DATASET CONTENT:
== Segment start ==
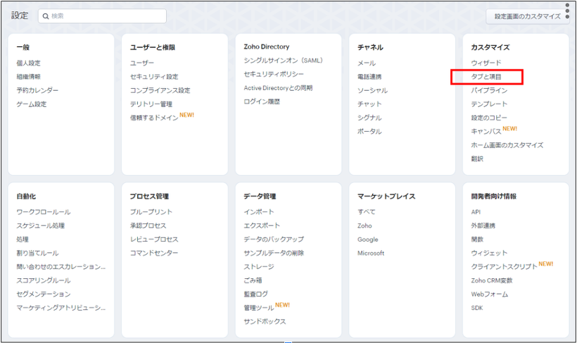 【Zoho CRM】「カスタム項目の上限数」の確認方法
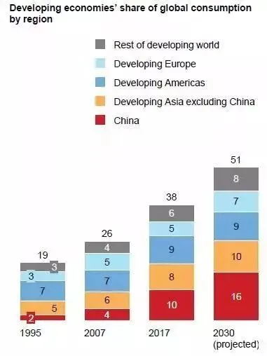 最后就是被单独放出来的“特殊发展中国家”:中国(红色)部分。中国从2017-2030年间,全球化产品的消费能力将从10%上升到16%。这也从侧面印证了,中国从1995-2007的全球工厂,转型成为2017-2030的全球市场。
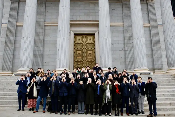 Reivindicación en la escalinata del Congreso de los Diputados para concienciar sobre los problemas visuales. - CAROLINA GALIANO
== Segment end ==
ASSIGNMENT: Your copy should match the listing exactly, apart from the pictures it leaves out.

ANSWER SPACE:
 【Zoho CRM】「カスタム項目の上限数」の確認方法
 最后就是被单独放出来的“特殊发展中国家”:中国(红色)部分。中国从2017-2030年间,全球化产品的消费能力将从10%上升到16%。这也从侧面印证了,中国从1995-2007的全球工厂,转型成为2017-2030的全球市场。
 Reivindicación en la escalinata del Congreso de los Diputados para concienciar sobre los problemas visuales. - CAROLINA GALIANO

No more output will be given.